Produce a verbatim copy of the records, and keep the images out of it.

Top of The records

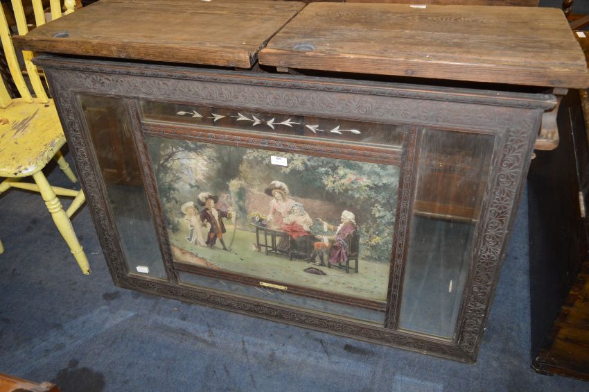 Carved Oak Framed Over Mantel Print with Mirrored Panels - A Visit to Grandpa
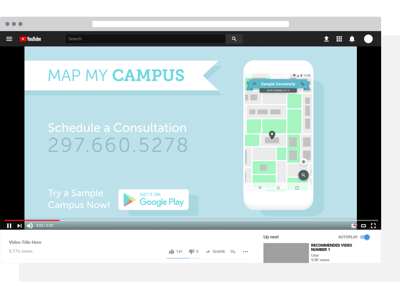 With recent developments in indoor positioning technology, there are multiple viable techniques for accurate positioning with a smartphone. Map My Campus leverages this technology along with data gathered on campus to offer a feature-rich mobile app. Students can map a path to class with step by step directions, find an appropriate parking lot, see upcoming on-campus events, locate resources, share their location, find dining hours, and much more.
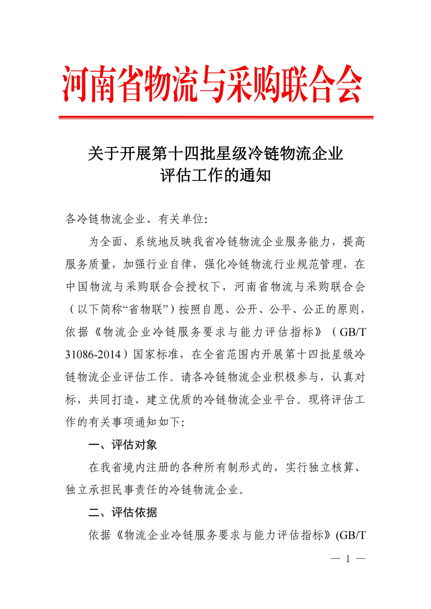 关于开展第十四批星级冷链物流企业 评估工作的通知
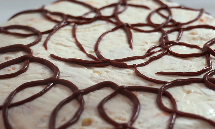 Оставьте торт в холодильнике минимум на шесть часов для полной пропитки. Перед подачей сварите глазурь, соединив сметану, сахар и какао, доведите до кипения и нанесите произвольные узоры на поверхность десерта.
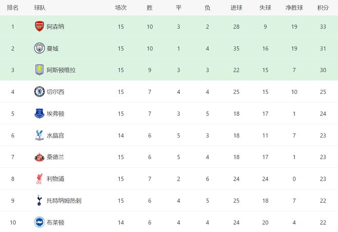 - 北京时间12月7日凌晨,英超第15轮结束了多场比赛,阿森纳客场1-2遭维拉绝杀,曼城主场3-0大胜桑德兰,切尔西客场0-0...发表于: 12-07 09:20
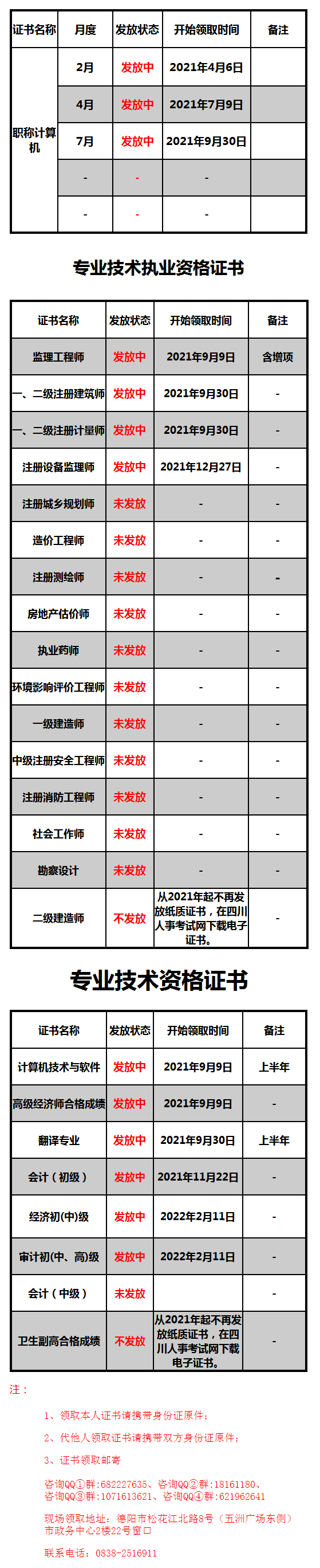四川德陽(yáng)市人力資源與社會(huì)保障局發(fā)布2021年中級(jí)經(jīng)濟(jì)師合格證書(shū)領(lǐng)取通知,根據(jù)官方通知我們得知,中級(jí)經(jīng)濟(jì)師21年度證書(shū)正在發(fā)放中,證書(shū)領(lǐng)取開(kāi)始時(shí)間為22年2月11日,領(lǐng)取方式分為郵寄和現(xiàn)場(chǎng)領(lǐng)取兩種方式,具體的領(lǐng)取地址以及郵寄方式請(qǐng)看以下公告內(nèi)容:
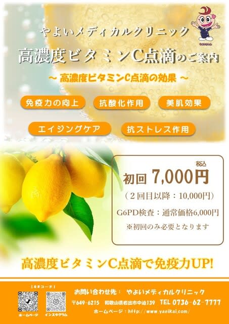 ※初めての方は点滴前にG6PD検査(料金:6,000円)が必要になります。G6PD欠損症の方に高濃度ビタミンC点滴を行うと重度の貧血を引き起こす可能性がありますので、事故を未然に防ぐため事前の検査の実施に予めご了承ください。
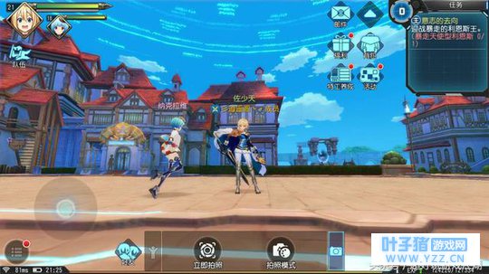 要说本作的一大特色,那一定是环视360°,俯仰180°的3D视角自由切换,在屏幕的最下方,切换到聊天栏目,在右侧你会看到一个类相机图标,点击之后选择直接拍照或者切换视角拍照,玩家既可以以第三人称视角去拍,也可以调整为第一视角,在第一视角状态下,玩家拿着手机360°无死角转动方向,即可改变屏幕中风景的内容。这个功能让玩家在游戏中除了可以做任务,战斗之外,还能像一个游客一样拿着相机在不列颠大陆游历,将自己喜欢的场景照下来。
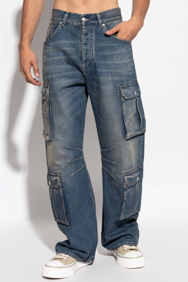 Experience unparalleled sophistication with our luxurious Pocket Jeans by MISBHV. Crafted from premium non-stretch denim, these jeans embody a perfect fusion of comfort and avant-garde fashion. The loose, straight cut ensures ease of movement, while the distinctive blue fabric, adorned with intentional fades and subtle distressing, imparts a trendy, slightly worn-in aesthetic. The standout feature is the plethora of spacious, flap pockets with snap closures that bestow a functional, military-inspired edge to the garment. The front sports traditional pockets alongside a petite coin pocket, complemented by classic back pockets. Attention to detail is paramount, as evidenced by the metal designer logo plaque on the front waistband and the engraved leather brand emblem adorning the rear. The jeans fasten with a sturdy zipper and button, ensuring both security and style. Why Choose This Product? High-quality non-stretch denim for durability and comfort Fashion-forward design with intentional distressing Multiple functional pockets for a unique, utilitarian look Exclusive details such as metal and leather brand logos Versatile for casual and refined styling
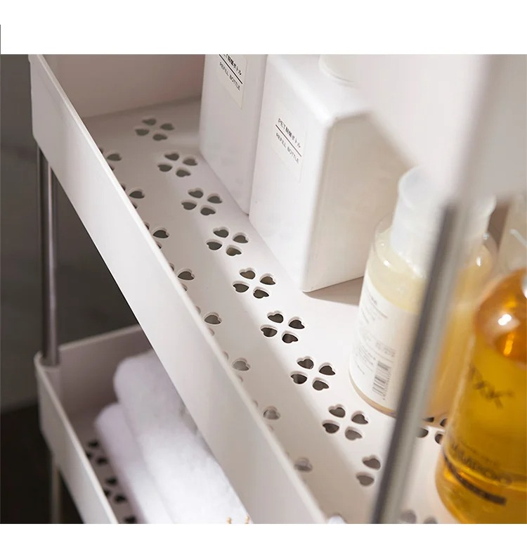 Carrito con 4 niveles ideal para el baño cocina o comedor, cuenta con agujeros en forma de flores.
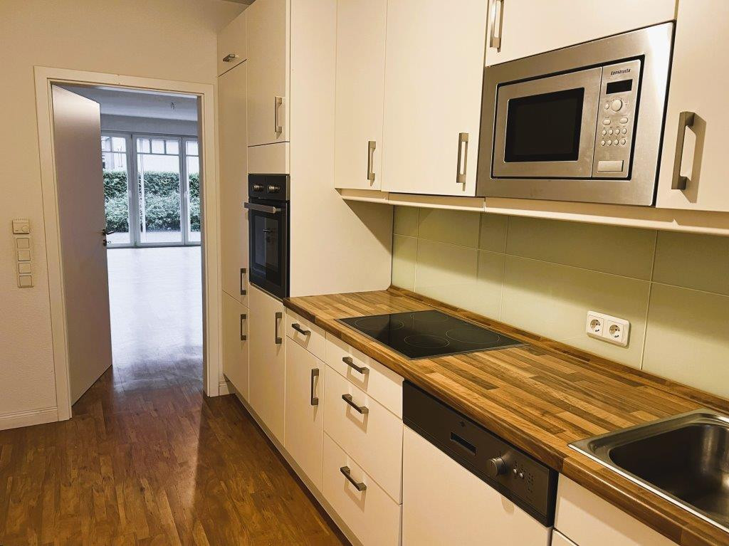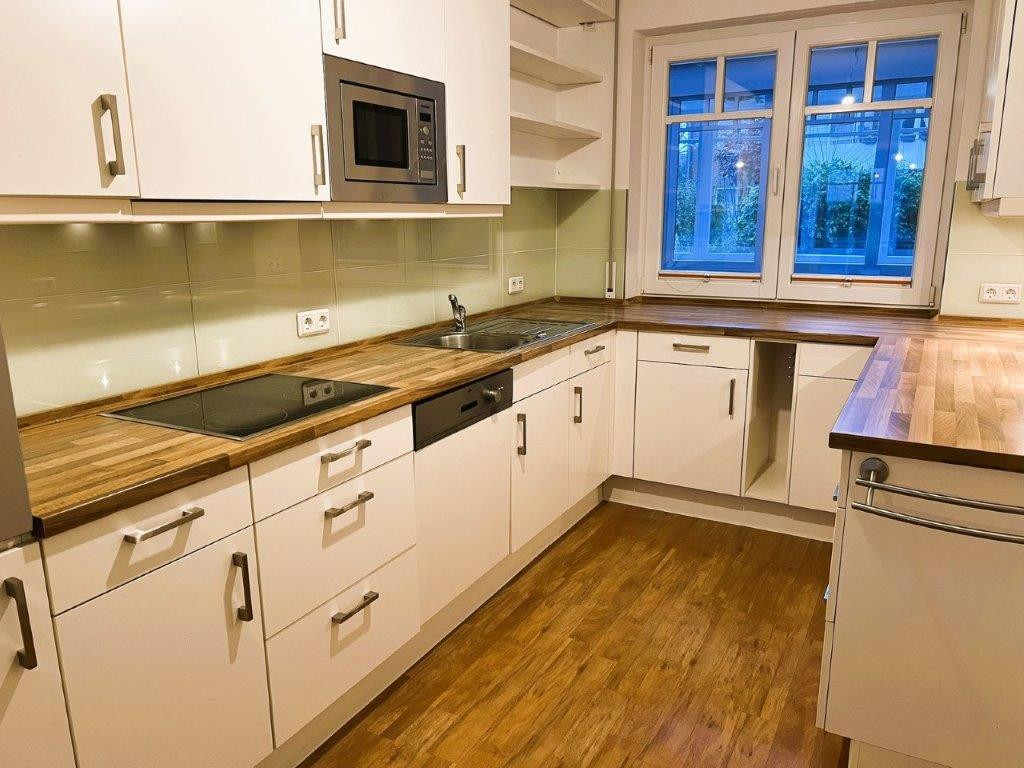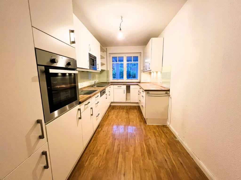 Dem Raum vorgelagert ist die üppig bemessene, mit Granitplatten belegte Südterrasse, die Ihnen sonnige und erholsame Stunden verspricht. Sie ist umsäumt von Heckenrosen und Koniferen und bietet Ihnen somit ein hohes Maß an Privatsphäre. Wenn Sie es etwas schattiger bevorzugen, steht Ihnen eine 7 m breite, elektrisch betriebene Markise zur Verfügung. Auch ein Außenwasseranschluss ist auf der Terrasse vorhanden. Aus dem Wohn-Ess-Bereich gelangen Sie direkt in die Küche, ebenfalls mit Blick in das Atrium. Sie ist mit einer zeitlosen, hellen Einbauküche versehen. Zahlreiche Ober- und Unterschränke sorgen für ausreichend Stauraum. Ein hochgesetzter Backofen, ein großer Kühlschrank, ein Ceranfeld, eine Mikrowelle und ein Geschirrspüler bieten alle Möglichkeiten zum Ausleben Ihrer Kochkünste.

Bottom of The records

### Solution for this task
 Carved Oak Framed Over Mantel Print with Mirrored Panels - A Visit to Grandpa
 With recent developments in indoor positioning technology, there are multiple viable techniques for accurate positioning with a smartphone. Map My Campus leverages this technology along with data gathered on campus to offer a feature-rich mobile app. Students can map a path to class with step by step directions, find an appropriate parking lot, see upcoming on-campus events, locate resources, share their location, find dining hours, and much more.
 关于开展第十四批星级冷链物流企业 评估工作的通知
 Оставьте торт в холодильнике минимум на шесть часов для полной пропитки. Перед подачей сварите глазурь, соединив сметану, сахар и какао, доведите до кипения и нанесите произвольные узоры на поверхность десерта.
 - 北京时间12月7日凌晨,英超第15轮结束了多场比赛,阿森纳客场1-2遭维拉绝杀,曼城主场3-0大胜桑德兰,切尔西客场0-0...发表于: 12-07 09:20
四川德陽(yáng)市人力資源與社會(huì)保障局發(fā)布2021年中級(jí)經(jīng)濟(jì)師合格證書(shū)領(lǐng)取通知,根據(jù)官方通知我們得知,中級(jí)經(jīng)濟(jì)師21年度證書(shū)正在發(fā)放中,證書(shū)領(lǐng)取開(kāi)始時(shí)間為22年2月11日,領(lǐng)取方式分為郵寄和現(xiàn)場(chǎng)領(lǐng)取兩種方式,具體的領(lǐng)取地址以及郵寄方式請(qǐng)看以下公告內(nèi)容:
 ※初めての方は点滴前にG6PD検査(料金:6,000円)が必要になります。G6PD欠損症の方に高濃度ビタミンC点滴を行うと重度の貧血を引き起こす可能性がありますので、事故を未然に防ぐため事前の検査の実施に予めご了承ください。
 要说本作的一大特色,那一定是环视360°,俯仰180°的3D视角自由切换,在屏幕的最下方,切换到聊天栏目,在右侧你会看到一个类相机图标,点击之后选择直接拍照或者切换视角拍照,玩家既可以以第三人称视角去拍,也可以调整为第一视角,在第一视角状态下,玩家拿着手机360°无死角转动方向,即可改变屏幕中风景的内容。这个功能让玩家在游戏中除了可以做任务,战斗之外,还能像一个游客一样拿着相机在不列颠大陆游历,将自己喜欢的场景照下来。
 Experience unparalleled sophistication with our luxurious Pocket Jeans by MISBHV. Crafted from premium non-stretch denim, these jeans embody a perfect fusion of comfort and avant-garde fashion. The loose, straight cut ensures ease of movement, while the distinctive blue fabric, adorned with intentional fades and subtle distressing, imparts a trendy, slightly worn-in aesthetic. The standout feature is the plethora of spacious, flap pockets with snap closures that bestow a functional, military-inspired edge to the garment. The front sports traditional pockets alongside a petite coin pocket, complemented by classic back pockets. Attention to detail is paramount, as evidenced by the metal designer logo plaque on the front waistband and the engraved leather brand emblem adorning the rear. The jeans fasten with a sturdy zipper and button, ensuring both security and style. Why Choose This Product? High-quality non-stretch denim for durability and comfort Fashion-forward design with intentional distressing Multiple functional pockets for a unique, utilitarian look Exclusive details such as metal and leather brand logos Versatile for casual and refined styling
 Carrito con 4 niveles ideal para el baño cocina o comedor, cuenta con agujeros en forma de flores.
 Dem Raum vorgelagert ist die üppig bemessene, mit Granitplatten belegte Südterrasse, die Ihnen sonnige und erholsame Stunden verspricht. Sie ist umsäumt von Heckenrosen und Koniferen und bietet Ihnen somit ein hohes Maß an Privatsphäre. Wenn Sie es etwas schattiger bevorzugen, steht Ihnen eine 7 m breite, elektrisch betriebene Markise zur Verfügung. Auch ein Außenwasseranschluss ist auf der Terrasse vorhanden. Aus dem Wohn-Ess-Bereich gelangen Sie direkt in die Küche, ebenfalls mit Blick in das Atrium. Sie ist mit einer zeitlosen, hellen Einbauküche versehen. Zahlreiche Ober- und Unterschränke sorgen für ausreichend Stauraum. Ein hochgesetzter Backofen, ein großer Kühlschrank, ein Ceranfeld, eine Mikrowelle und ein Geschirrspüler bieten alle Möglichkeiten zum Ausleben Ihrer Kochkünste.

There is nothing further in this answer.